Former President Donald Trump’s second impeachment trial is scheduled to begin tomorrow.
The overall impeachment process laid out in the Constitution is relatively simple: President commits “high Crime or Misdemeanor,” House votes to impeach, Senate conducts a trial.
Those overall contours are constant. But there’s no such thing as a routine impeachment.
The one Trump faces now, after inciting a riotous mob to attack the Capitol, is unprecedented in all sorts of ways, which means the process will feel entirely new and different from the one we saw in late 2019 around the Ukraine investigation.
Here’s another look at the impeachment process as it is spelled out in the Constitution and how it applies to this second impeachment of Trump, in which a US President is accused for the first time of inciting violence against another branch of government.

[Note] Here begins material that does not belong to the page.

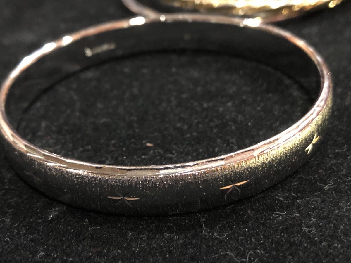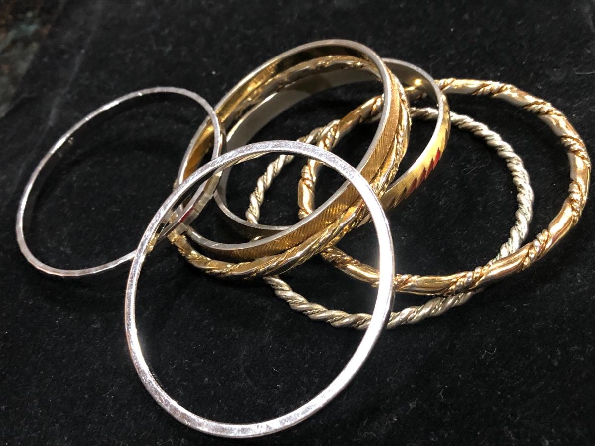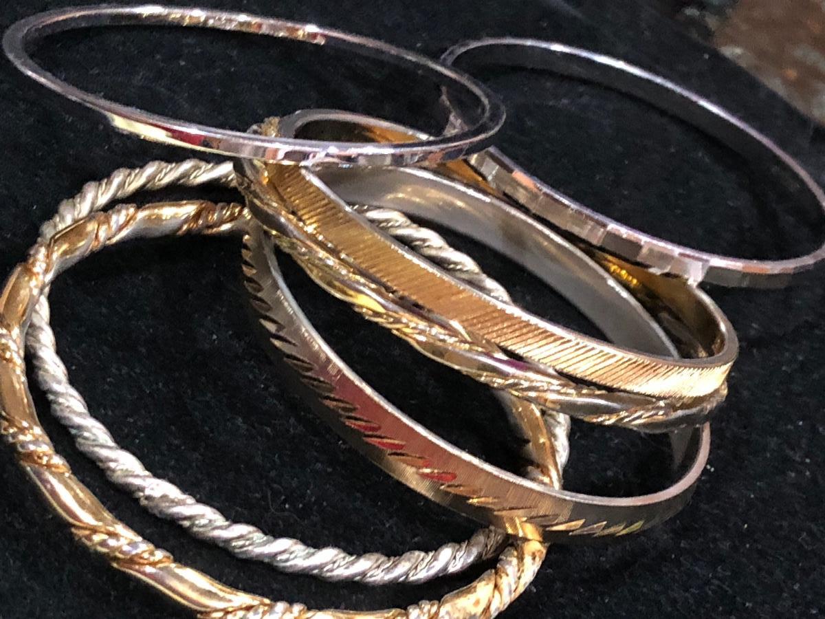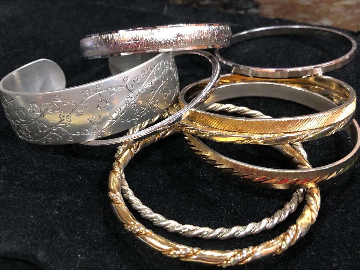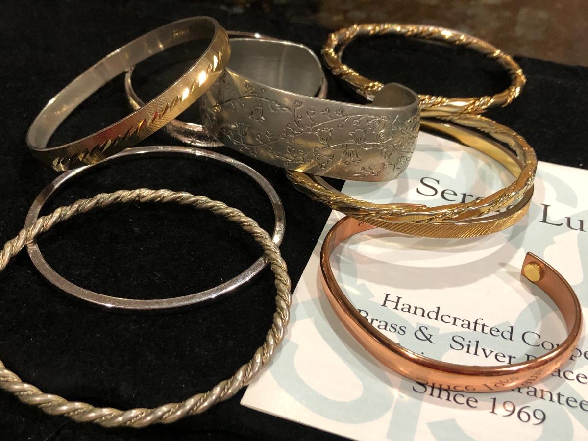 Vintage pewter Kirk Stieff cuff stamped inside “Life of the Valley”. Plus Sergio Lub Copper magnetic bracelet and other vintage and contemporary costume jewelry bangles bracelets.

What is Trump accused of doing?
There was a lot of debate during Trump’s first impeachment and trial about whether the pressure he exerted on the President of Ukraine amounted to “high Crimes and Misdemeanors” or simply a set of policies.
This time, while there’s an argument he committed treason, Democrats in the House have alleged Trump “engaged in high Crimes and Misdemeanors by inciting violence against the Government of the United States.”
Read the entire thing here. It’s short.
What does that mean for Trump this time?
Getting from Trump’s misdeed to impeachment proceedings in the House took 86 days in 2019.
It took just a week in 2021.
The House can essentially impeach at will. While there are precedents in place around instigating the impeachment process and utilizing House committees to investigate whether impeachable offenses occurred, none of that is necessarily required. And Democrats, moving quickly, aren’t going to burden themselves by dragging this out.
And why bother with an investigation when this time Trump did it on TV? In that first effort, the details of Trump’s pressure on Ukraine leaked out over the course of weeks and built into Democratic support to launch and conduct an investigation and, ultimately, to impeach him.
Trump’s time in office expired at noon on Jan. 20, House Speaker Nancy Pelosi also gave Trump and Vice President Mike Pence the option of avoiding impeachment if either Trump resigned or Pence mobilized the Cabinet to use the 25th Amendment to remove him from office.
When those two offramps were ignored, Democrats in the House moved quickly toward impeachment and the first post-presidential impeachment trial in US history.